Sunday, September 9, 2007

A new US five year plan for Iraq

This is just too ridiculous for words. It makes one wonder about these so-called expert advisers.The US Institute of Peace a good Orwellian title. A majority of US citizens can ask for a withdrawal all they want but this is the result.


New Report Recommends Iraq Handover in 5 Years
Panel Also Calls for 50 Percent Troop Reduction Within 3 Years

By Robin Wright
Washington Post Staff Writer
Saturday, September 8, 2007; 4:04 PM



In a report to be released Sunday, a panel of experts assembled by the U.S. Institute of Peace calls for a 50 percent reduction in U.S. forces in Iraq within three years and a total withdrawal and handover of security to the Iraqi military in five years.

"The United States faces too many challenges around the world to continue its current level of effort in Iraq, or even the deployment that was in place before the surge," the report says. " . . . It is time to chart a clearer path forward."

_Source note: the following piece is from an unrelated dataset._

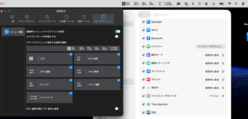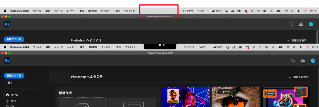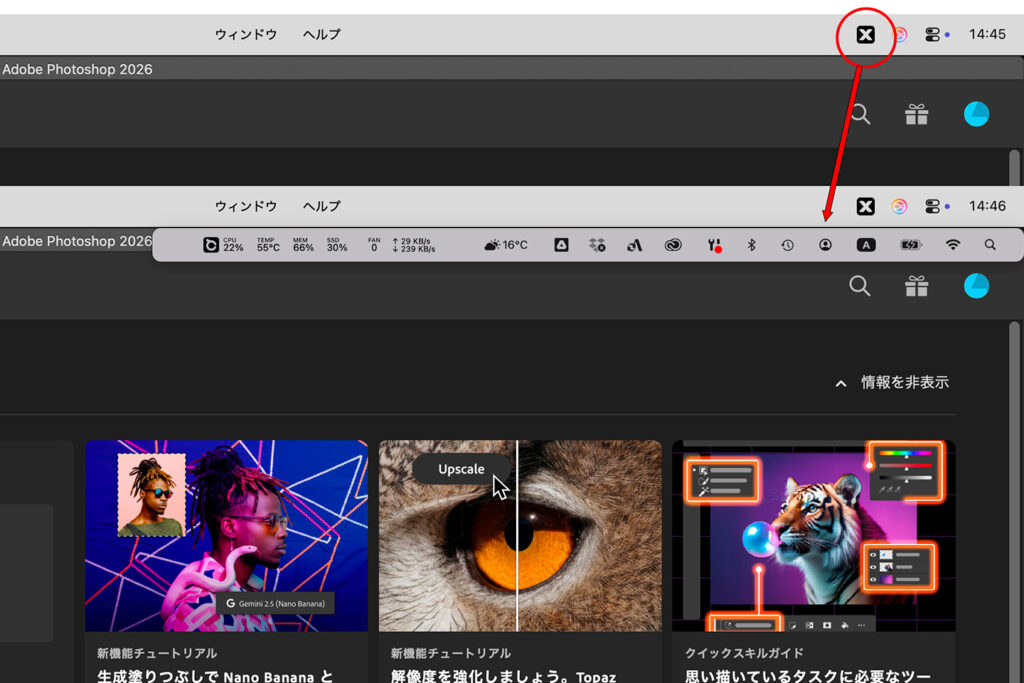 普段はmac osがノッチ(センサーハウジング)を避けてメニューバーを表示してくれますが、

The panel includes many of the experts that advised the Iraq Study Group panel led by former secretary of state James A. Baker III and former Democratic congressman Lee H. Hamilton, which issued its report last December. Many of its recommendations have since been adopted, some reluctantly, by the Bush administration. The U.S. Institute of Peace ran the Baker-Hamilton report and assembled the experts.

The White House blocked the reconvening of the Baker-Hamilton panel, which was evenly divided among 10 prominent Democrats and Republicans, by urging Baker not to participate, according to U.S. officials. So USIP reconvened the experts who had advised them. The group, which met through the summer, is made up of some two dozen former U.S. officials and ambassadors, former CIA analysts, and Iraq specialists from think tanks and universities.

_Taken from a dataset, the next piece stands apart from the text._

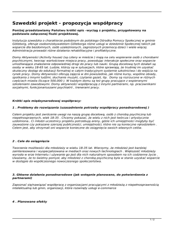 Szwedzki projekt - propozycja współpracy Poniżej przedstawiamy Państwu krótki opis –wyciąg z projektu, przygotowany na podstawie załączonej fiszki projektowej. Instytucja szwedzka o charakterze podobnym do polskiego Ośrodka Pomocy Społecznej w gminie Göteborg, oferuje osobom/obywatelom Göteborga różne usługi w dziedzinie Społecznej takich jak wsparcie dla bezdomnych, osób uzależnionych, zagrożonych przemocą dzieci i wiele więcej. Administracja prowadzi różne działania rehabilitacyjne i profilaktyczne. Domy Aktywności (Activity house) (są cztery w mieście ) mają na celu wspieranie osób z chorobami psychicznymi, tworząc wartościowe miejsca pracy, powodując interakcje społeczne oraz wsparcie umożliwiające znalezienie odpowiedniej drogi do pracy lub nauki. Grupą docelową tych działań są osoby w wieku 18-65 lat. Ludzie, którzy są w sytuacjach, które sprawiają, że trudniej im uzyskać skuteczny dostęp do edukacji formalnej w całym tradycyjnym systemie szkolnictwa i do wejścia na rynek pracy. Domy Aktywności oferują zajęcia w dni powszednie, jak różne kursy, wspólne obiady, spotkania z innymi ludźmi, słuchanie muzyki, czytanie gazet, itp. Domy są rozrzucone w różnych częściach miasta (liczące 500,000 ). W każdym domu są też grupy pracujące z wspieranymi szkoleniami zawodowymi. Domy aktywności współpracują z innymi partnerami, np. pracownikami socjalnymi, funkcjonariuszami psychiatrii , trenerami pracy. Krótki opis międzynarodowej współpracy: 1 . Problemy do rozwiązania (uzasadnienie potrzeby współpracy ponadnarodowej ) Celem projektu jest zwrócenie uwagi na naszą grupę docelową, osób z chorobą psychiczną lub niepełnosprawnych, wiek 18-35 . Chcemy pokazać, że wielu z nich jest twórcza i artystycznie uzdolniona.. Ci młodzi uczestnicy projektu potrzebują areny, gdzie ich umiejętności mogłyby być zauważone czy pokazane szerszej publiczności, umiejętności, które nie są konieczne rękodziełem . Celem jest, aby otrzymali oni wsparcie konieczne do osiągnięcia swoich własnych celów. 2 . Cele do osiągnięcia Tworzenie możliwości dla młodzieży w wieku 18-35 lat. Wierzymy, że młodzież jest bardziej zainteresowana i wyspecjalizowana w mediach oraz nowych technologiach . Większość młodzieży wyrosła w erze Internetu i używanie go jest dla nich naturalnym sposobem na ich codzienne życie . Uważamy, że to świetny pomysł, aby młodzież z chorobą psychiczną była w stanie uzyskać wsparcie w dostępie do współczesnego nowoczesnego społeczeństwa. 3. Główne działania ponadnarodowe (jak wstępnie planowano, do potwierdzenia z partnerami) Zapoznać się/nawiązać współpracę z organizacjami pracującymi z młodzieżą z niepełnosprawnością intelektualną lub gmin, organizacji, które rozwinęły usługi e-commerce 4 . Planowane efekty 1/2 Znalezienie organizacji do współpracy z innymi projektami, tworzenia kontaktów. Uczenie się od innych na temat pracy z ludźmi w grupach : 1) e-commerce, 2) tworzenia rękodzieła, 3) sprzedaży produktów, 4) Kolejny krok ( bliżej do pracy ), a także zapoznanie się metodami ich pracy . Wymiana informacji i doświadczeń. Instytucje zainteresowane współpracą ponadnarodową w ramach projektu proszę o kontakt z Zespołem ds. projektów innowacyjnych i projektów współpracy ponadnarodowej w ramach PO KL. E-mail: [email protected] 2/2

The recommendations in "Iraq: A Time for Change," the last of several reports published in the run-up to the Bush administration's assessment of Iraq this week, also call on the United Nations to immediately begin "intense negotiations" among Iraq's squabbling politicians. The talks should not be allowed to adjourn without agreements on power-sharing, revising the constitution, oil resources, local elections, easing a ban on former Baath Party members and the future of Kirkuk, the report urges. A similar model was used to broker an end to the war in Bosnia.

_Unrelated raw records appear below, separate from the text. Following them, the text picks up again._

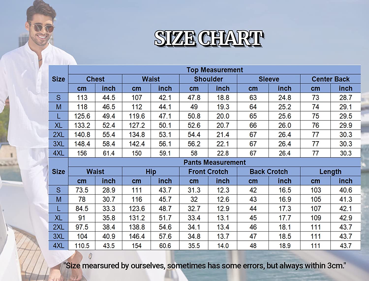 - 【GARMENT CARE】-- The 2 piece beach outfits sets machine washable and easy to maintain. Please check size chart before ordering these men’s beach cotton linen outfits to ensure accurate fitting.
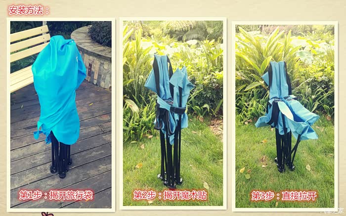 使用方法很简单,拉开旅行袋,揭掉魔术贴一拉即可摆放完成,简单方便。
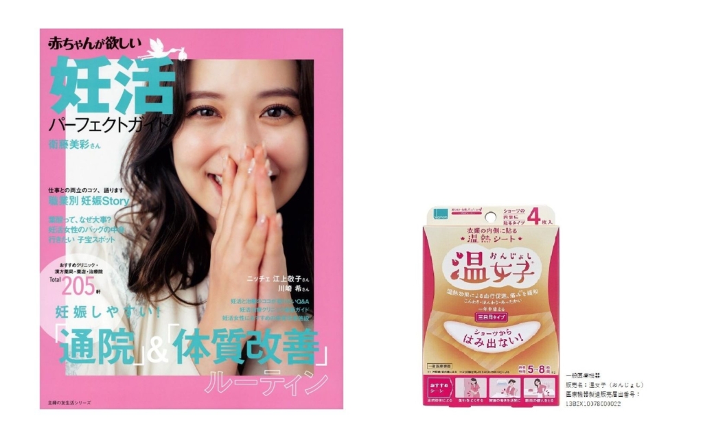 主婦の友社より発行されている雑誌『赤ちゃんが欲しい 妊活パーフェクトガイド』(12月18日発売)「RECOMMENDED ITEM」にて”お腹や腰を温めて血行促進ができる”と「温女子」が紹介されました。

With some recent security improvements, the biggest problem facing the Bush administration and Iraq is the failure of politicians in Baghdad to reconcile Sunni and Shiite factions and pass critical laws to secure the fledgling new democracy. "The situation remains fluid, but a window has opened, fleetingly, for Iraq to proceed with political reconciliation. Iraq's national politicians have been unable to take full advantage of this opportunity," says the report, authored by USIP vice president Daniel Serwer.

The Baker-Hamilton report was most contentious because of its recommendations on diplomatic outreach to Iran and Syria. The new report says the United States should block Iranian attempts to control Iraqi politics and interdict its arms supplies to Iraqi militias, while also continuing to talk to Tehran directly and accommodating some Iranian interests in a neighboring state. "As long as the U.S. and Iran engage in a zero sum context for influence, Iraq will remain in turmoil and the U.S. will be bogged down," the report warns.

The report generally blasts Iraq's neighbors for failing to help stabilize Iraq. But it also criticizes the United States for losing the confidence of key allies in the region because of Iraq.

In contrast to a growing number of recent calls for various forms of breaking up Iraq along religious and ethnic lines, the report strongly stands against partition of one of the geo-strategic powerhouses in the Middle East, but leaves the question of decentralizing power to the Iraqis.